# Excerpted data:
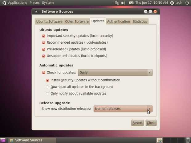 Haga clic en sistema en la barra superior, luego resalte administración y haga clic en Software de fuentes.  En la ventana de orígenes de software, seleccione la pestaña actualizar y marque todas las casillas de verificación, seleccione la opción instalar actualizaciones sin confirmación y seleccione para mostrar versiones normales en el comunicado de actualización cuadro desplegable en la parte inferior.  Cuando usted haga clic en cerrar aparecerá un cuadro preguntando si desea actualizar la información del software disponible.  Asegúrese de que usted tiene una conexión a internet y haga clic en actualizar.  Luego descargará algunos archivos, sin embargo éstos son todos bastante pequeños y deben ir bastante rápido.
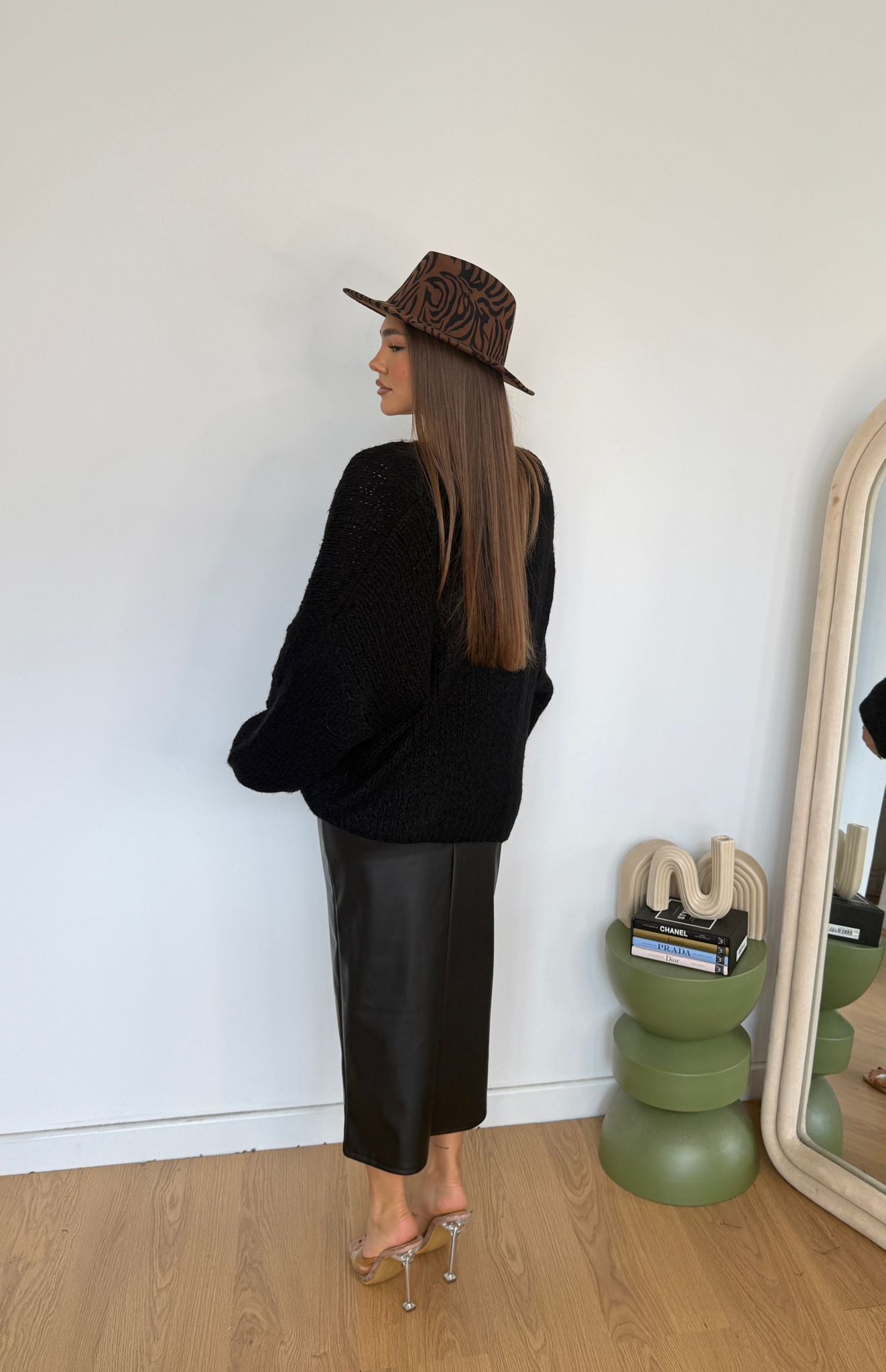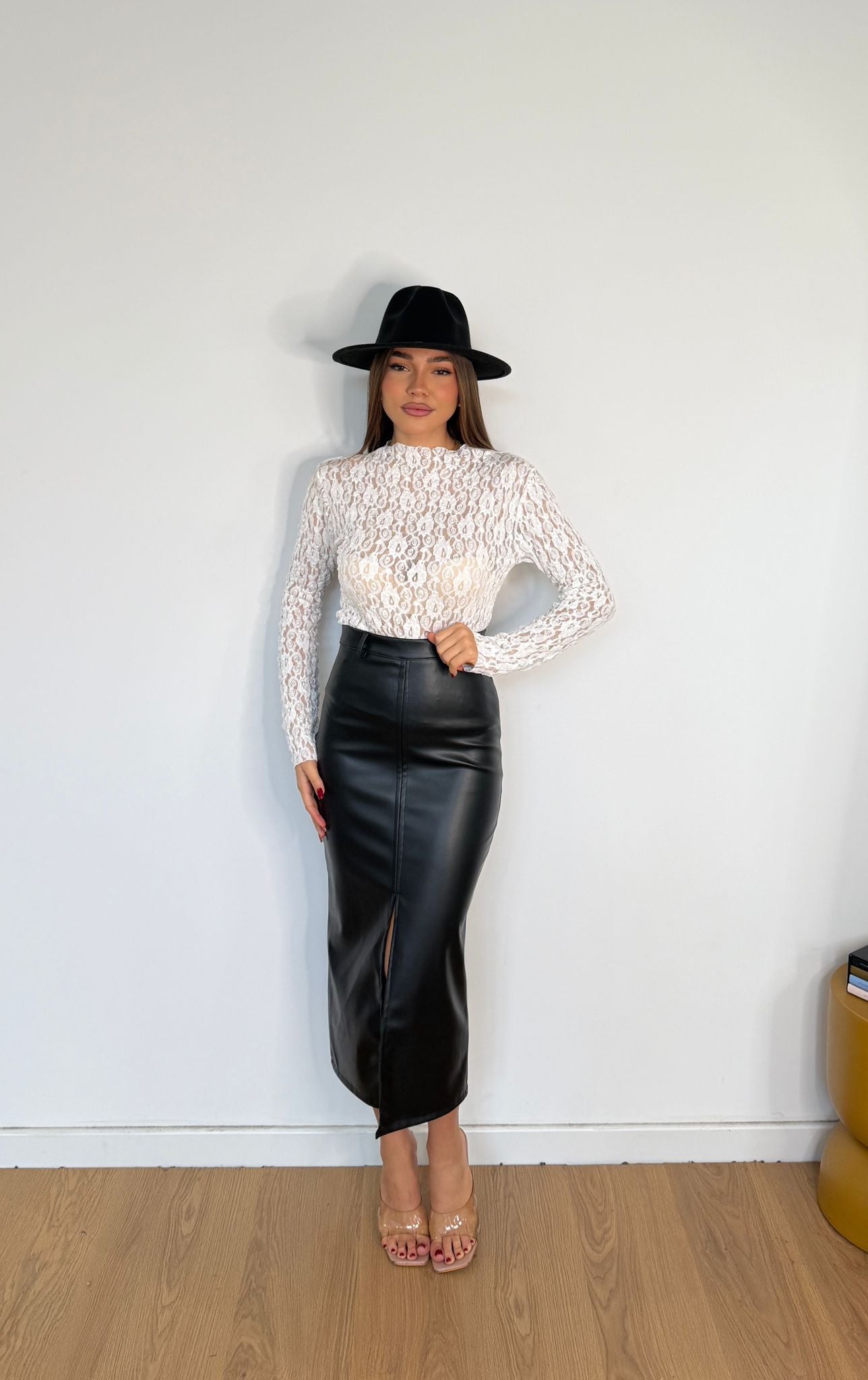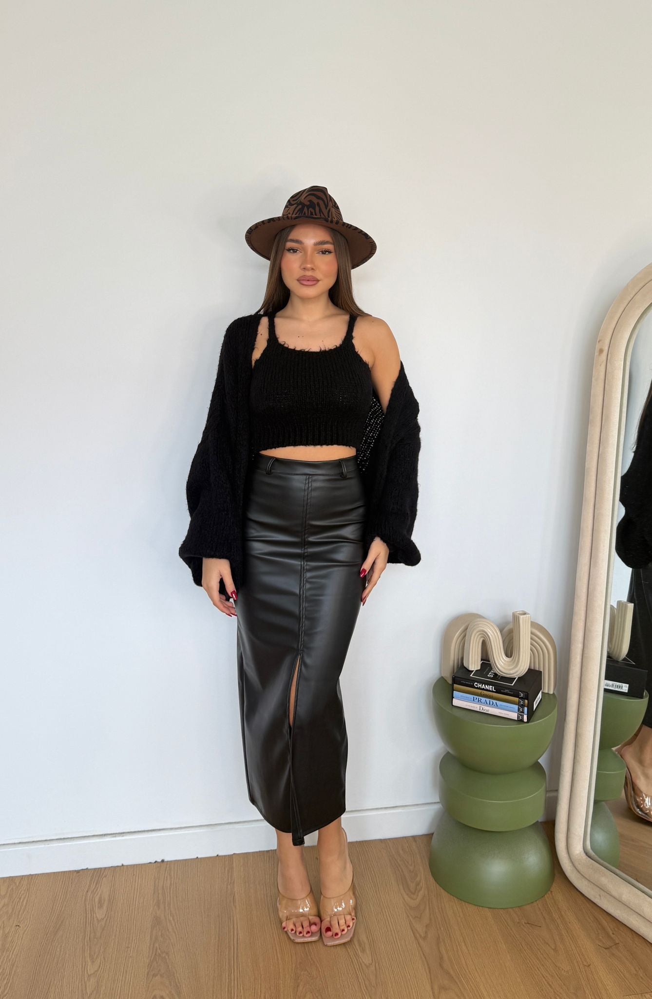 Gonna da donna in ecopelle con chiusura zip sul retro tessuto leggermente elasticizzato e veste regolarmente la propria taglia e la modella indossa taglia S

* * *

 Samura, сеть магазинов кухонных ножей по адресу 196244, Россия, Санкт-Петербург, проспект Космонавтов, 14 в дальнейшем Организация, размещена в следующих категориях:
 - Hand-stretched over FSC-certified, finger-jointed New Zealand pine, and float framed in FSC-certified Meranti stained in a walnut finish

# Problem to solve:
Although the records hold pictures, the copy must not; give again exactly the lines from the one with "Haga clic en sistema" through the one with "Gonna da donna".

# Solution for this task:
 Haga clic en sistema en la barra superior, luego resalte administración y haga clic en Software de fuentes.  En la ventana de orígenes de software, seleccione la pestaña actualizar y marque todas las casillas de verificación, seleccione la opción instalar actualizaciones sin confirmación y seleccione para mostrar versiones normales en el comunicado de actualización cuadro desplegable en la parte inferior.  Cuando usted haga clic en cerrar aparecerá un cuadro preguntando si desea actualizar la información del software disponible.  Asegúrese de que usted tiene una conexión a internet y haga clic en actualizar.  Luego descargará algunos archivos, sin embargo éstos son todos bastante pequeños y deben ir bastante rápido.
 Gonna da donna in ecopelle con chiusura zip sul retro tessuto leggermente elasticizzato e veste regolarmente la propria taglia e la modella indossa taglia S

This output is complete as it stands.